一度、森に帰りたいと言っても結婚式が終わるまで待ってくれと言われ、ならば当初の目的でもある観光に行かせてくれと言っても、結婚式の為に他国からの観光客が多く危ないから待ってくれと言う。
「ちょっと!結婚式は半年後よね!?今から来ているわけないじゃない!!」
「何を言っているんだ!招待もしていないのに間者が沢山来ていて、ルリもスイもかなり撃退しているんだぞ?」
「え?そうなの?」
ルリとスイを見れば困ったように頷いた。
その表情から、本当の様。
恐らく銀狼王国のヴォールングかしらね。竜帝襲撃の件でお父様に、コテンパンにやられたと聞くから。
相当な金額の慰謝料をもぎ取ったらしいわ。
その恨みなんかもあるんでしょうね。ならば・・・
「森の方が断然安全じゃない。結婚式の一、二か月前まで実家に帰っているわ」
「何言っているの!結婚式の準備だとか色々エリにしかできない事があるだろ!」
「じゃあ、観光に行ってもいい?」
「危険だって言ってるじゃないか!」
「レイ、私にはこのネックレスがあるのよ。それに私には神力もあるんだから、下手すればそこら辺の銀狼や竜人より強いと思うんだけど」
「それでもダメ!俺の傍から離れること自体、ダメだから!!」
最終的には竜人の束縛に行きつくのだ。
お父様がさっさとレイに竜帝の座を譲り隠居したのは、お母様とイチャラブしたいが為らしいのよ。帝国では有名な話らしいわ。
「愛しているんだ。離れて暮らすなんて絶対無理だから。どこに行くにも俺と一緒じゃないとダメだ」
ぎゅうぎゅうと抱きしめ、切々と訴えてくるレイが、結局は可愛くて許してしまう私も大概だと思うけど。
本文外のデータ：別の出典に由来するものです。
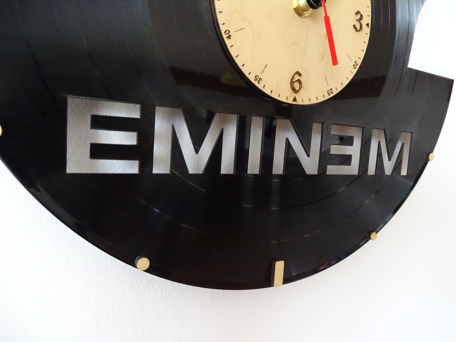 Unikalne zegary ścienne wykonane z winylowych płyt, ozdobione wizerunkiem legendarnej grupy EMINEM. Każdy zegar jest ręcznie robiony, co sprawia, że jest niepowtarzalny i stanowi doskonały element dekoracyjny dla miłośników rocka i kultury muzycznej.
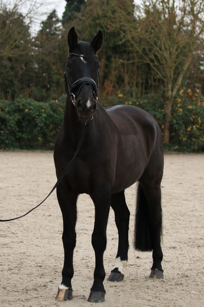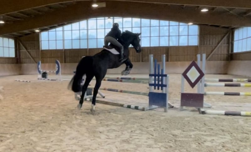 Talented and stunning 8-year-old, approximately 17.7 hh black-brown gelding with excellent show jumping pedigree. No vices such as bucking or rearing. Rides confidently alone or in a group in the terrain and is familiar with cattle, sheep, and goats. Regularly vaccinated, dewormed, and regularly seen by the veterinarian for dental care. TÜV from 2022 available. More information gladly provided personally! Please note: My horse is not suitable for vaulting!

「わかった、わかった。じゃあ、私と出かける時間を必ず作って。森へ帰る時間もね」
「あぁ、わかった。必ず時間を作るから、どこにも行かないでくれ」
なんだか、今生の別れの様なこの会話。
「竜芯」を交換してから、毎日こんな感じだから。本当に、愛しいったらありゃしない。
「私の両親神様にも、報告したいわ」
レイにはセルティス神との関係を「竜芯」を交換した後に話している。
「そうだな・・・本当は結婚式の前に報告に行きたいんだが・・・何とか結婚式前に森へ行けるよう、がんばってみるよ」
「忙しいとは思うけど、そうしてもらえると嬉しい。私もレイを紹介したいし。ルリとスイも久しぶりに会いたいでしょ?」
「はい!お会いしたいです!」
「私も!成長した私達を見てほしいです!」
この二人は、本当に両親神様が大好きだ。私同様、本当の両親の様に思っているの。
姉妹は私以上に家族というものに縁がなかったから。
始めは胡散臭い人達だって思ったけど、私を助けてくれて私を慈しんでくれた二人の神様。
いや、二人ではないわね。二柱?神様だから。まぁ、どちらでもいいよって、きっと笑うわね。
あの人達のおかげで、本当に大切な人達と出会い、大切な縁を結ぶことができた。
今とても幸せだと、顔を見て伝えたい。
そしてあの時の様に、嬉しそうに抱きしめてくれたなら、今度は私も抱きしめ返すから。